Funding a pet’s health costs is another important part of creating an emergency care plan.
“It’s very important because as pets get older, just like people, their health costs and vet bills go up as well,” Bowes said. “If you have planned on leaving a pet with a relative or a friend, that could be a real financial burden.”
Establishing a funding source for your pet(s) could also be used to create a protective, back-up plan in the off-chance your chosen guardian is unable to take on the pets as agreed.
For instance, if Griffin’s daughter is not able to care for the dogs, the pooches will automatically be given to a specified animal rescue with the funds set aside for their care “to defray costs.”

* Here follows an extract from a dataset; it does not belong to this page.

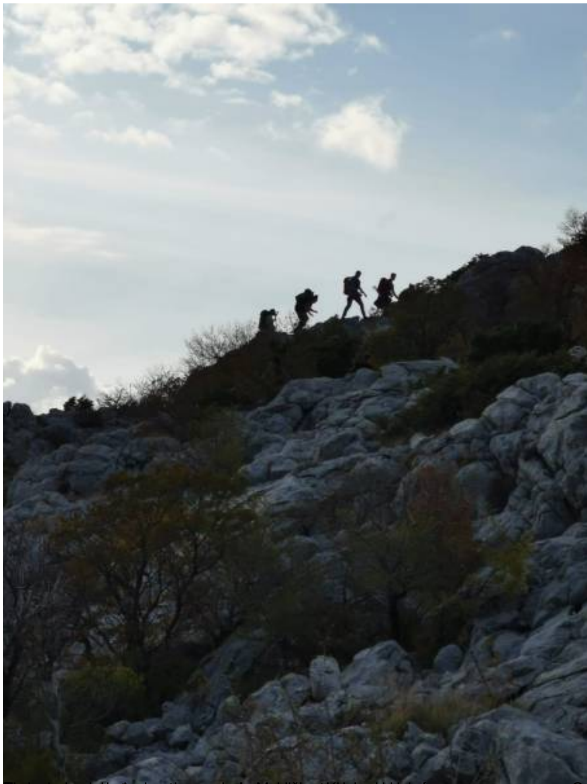
Prezasi bosna sjevernja silova, gradarveci i sku. tvdavae pjeszaka. nio se prve sezone Game of

The horse would likely go to a niece or a specified horse sanctuary, she added.
“I want them well taken care of,” Griffin said. “We want to make sure the animals are not destroyed because we do look at animals as a responsibility and as family members. Having a will is extremely important.”
According Bruce Phillips, a Grand Junction attorney at Elder and Phillips, many people do include provisions in their wills for family pets, such as who will care for the animal and how much money should be left for their care.
“Money is usually a part of that,” Phillips confirmed.
A trust for one’s pet is also allowed under Colorado’s probate code.
There are a few benefits of having a trust for one’s pet, rather than simply establishing care in a will.
A trust would both designate a caretaker for the pet and an overseer of the trust — someone that makes sure the person named actually takes care of pet, Phillips said.
A sum of money would also be placed in the trust, with a provision that allows for distribution of the money at the time of the pet’s death. This could be to the caregiver or a related charity. A trust would also establish funding support for additional pet guardians, if the primary guardian died or didn’t work out.
Because creating a trust is so formal, Phillips noted that in his experience more people “opt to give a sum of money to a trusted friend who has agreed to take care of the pet” in the form of a will, rather than a trust.
Phillips also suggests designating funds in one’s will to organizations that “support pets you’re passionate about.”